[Task requirements]
No pictures belong in the copy. Restate the rest of the data exactly.

Data excerpt START

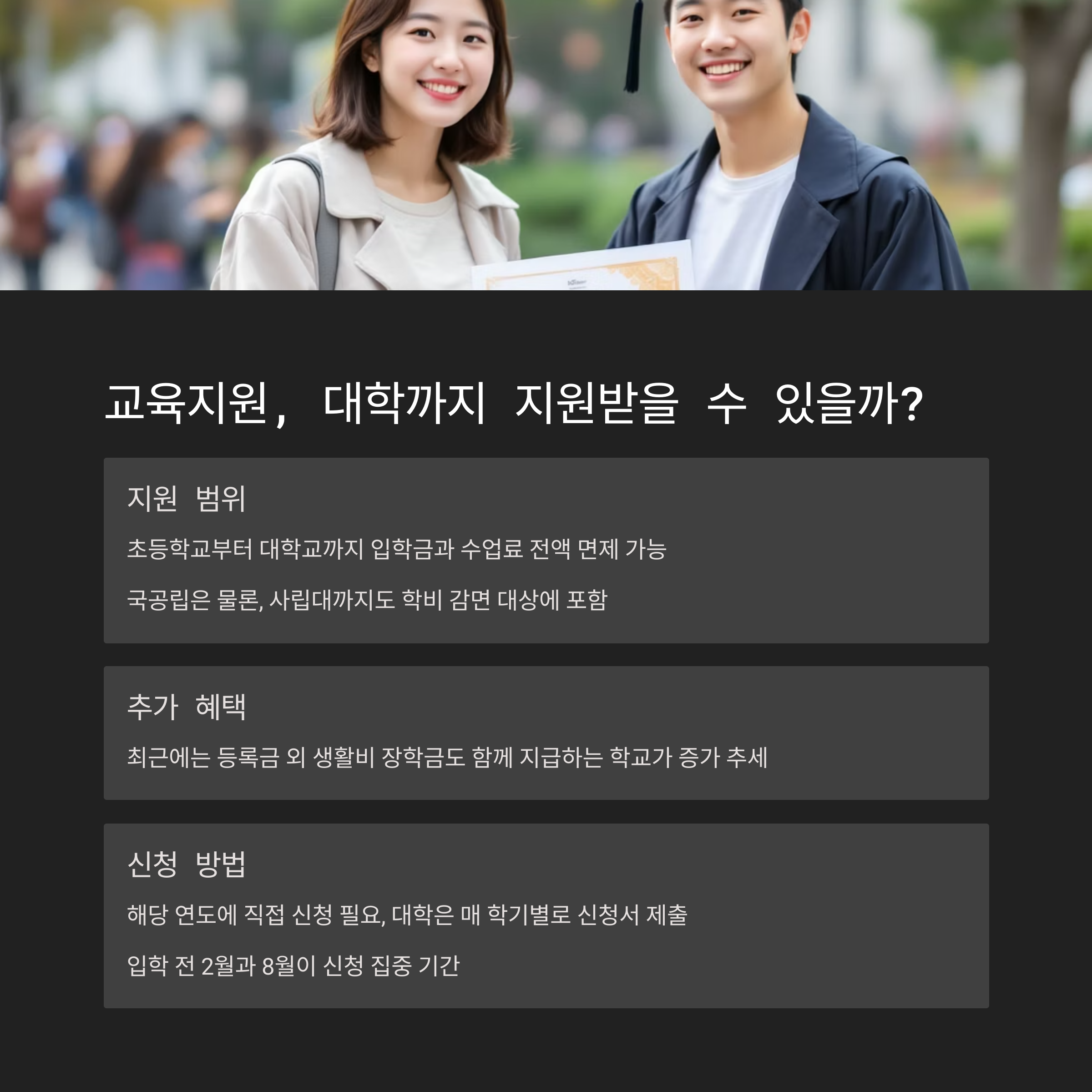 교육지원, 대학까지 지원받을 수 있을까?
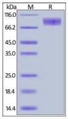 | Molecular Mass : | The protein has a calculated MW of 56.1 kDa. The protein migrates as 70-100 kDa under reducing (R) condition (SDS-PAGE) due to glycosylation. |
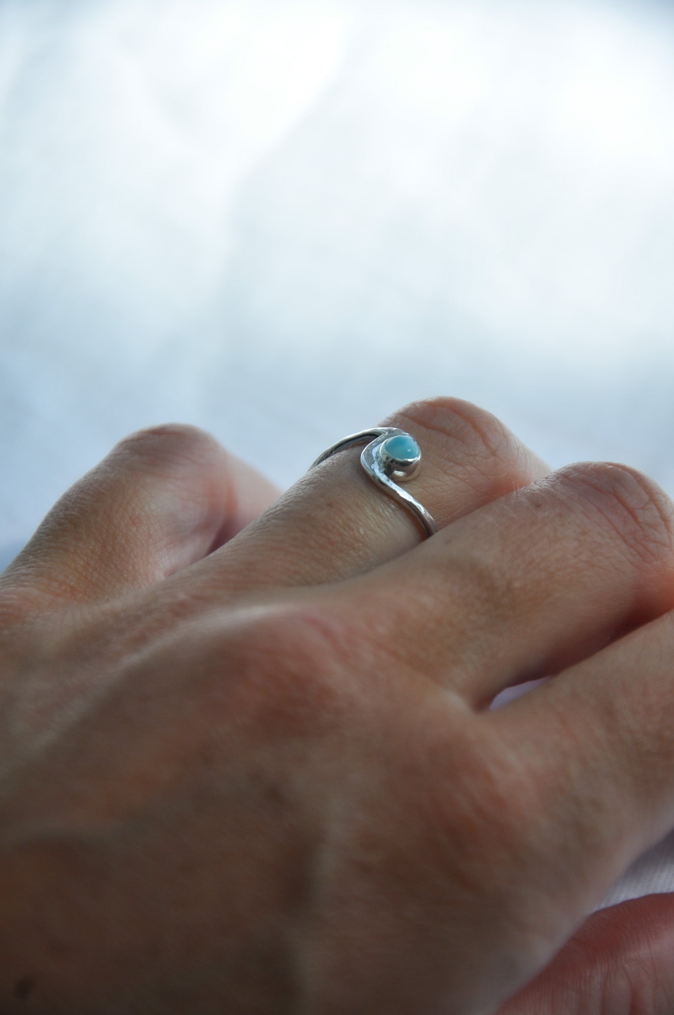 Sterling Silver Hammered Wave Larimar Ring – Handmade & Ocean-Inspired
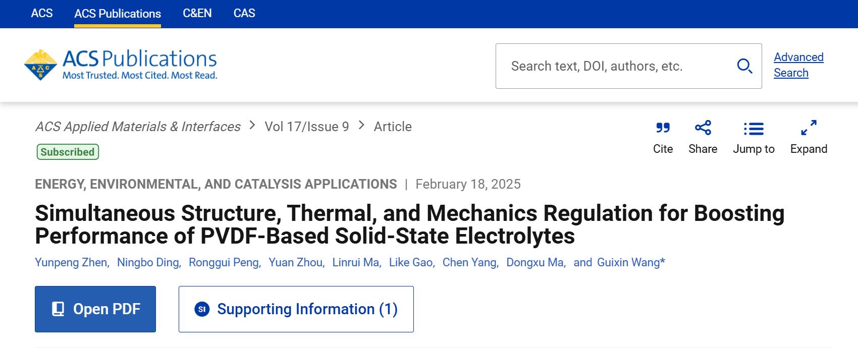 此外,在固态电解质领域,该研究团队基于结构、界面、热和力的协同调控机制,设计开发了负热膨胀材料LiZr2(PO4)3改性的PVDF基复合固态电解质,在不加任何液态电解液和压力的情况下,将制备的新型复合固态电解质与金属锂和不同正极材料组装成全固态电池并展现出好的性能(使用该电解质的Li||LiFePO4固态电池和Li||LiNi0.8Co0.1Mn0.1O2固态电池在25 ℃和0.5 C下的可逆容量分别为133.9和171.6 mAh/g,循环300次和200次后容量保持率分别为90.4和87.7%,循环300 h后的应变分别降低37.7和33.6%。而且,在大电流和高温下也有好的性能),为固态电解质的改性和低成本高性能固态电池的应用提供了新策略和新进展。相关研究成果发表在《ACS Applied Materials & Interfaces》(//doi.org/10.1021/acsami.4c22175)上,该论文第一作者为污污漫画

Data excerpt END

[Solved exercise]
 교육지원, 대학까지 지원받을 수 있을까?
 | Molecular Mass : | The protein has a calculated MW of 56.1 kDa. The protein migrates as 70-100 kDa under reducing (R) condition (SDS-PAGE) due to glycosylation. |
 Sterling Silver Hammered Wave Larimar Ring – Handmade & Ocean-Inspired
 此外,在固态电解质领域,该研究团队基于结构、界面、热和力的协同调控机制,设计开发了负热膨胀材料LiZr2(PO4)3改性的PVDF基复合固态电解质,在不加任何液态电解液和压力的情况下,将制备的新型复合固态电解质与金属锂和不同正极材料组装成全固态电池并展现出好的性能(使用该电解质的Li||LiFePO4固态电池和Li||LiNi0.8Co0.1Mn0.1O2固态电池在25 ℃和0.5 C下的可逆容量分别为133.9和171.6 mAh/g,循环300次和200次后容量保持率分别为90.4和87.7%,循环300 h后的应变分别降低37.7和33.6%。而且,在大电流和高温下也有好的性能),为固态电解质的改性和低成本高性能固态电池的应用提供了新策略和新进展。相关研究成果发表在《ACS Applied Materials & Interfaces》(//doi.org/10.1021/acsami.4c22175)上,该论文第一作者为污污漫画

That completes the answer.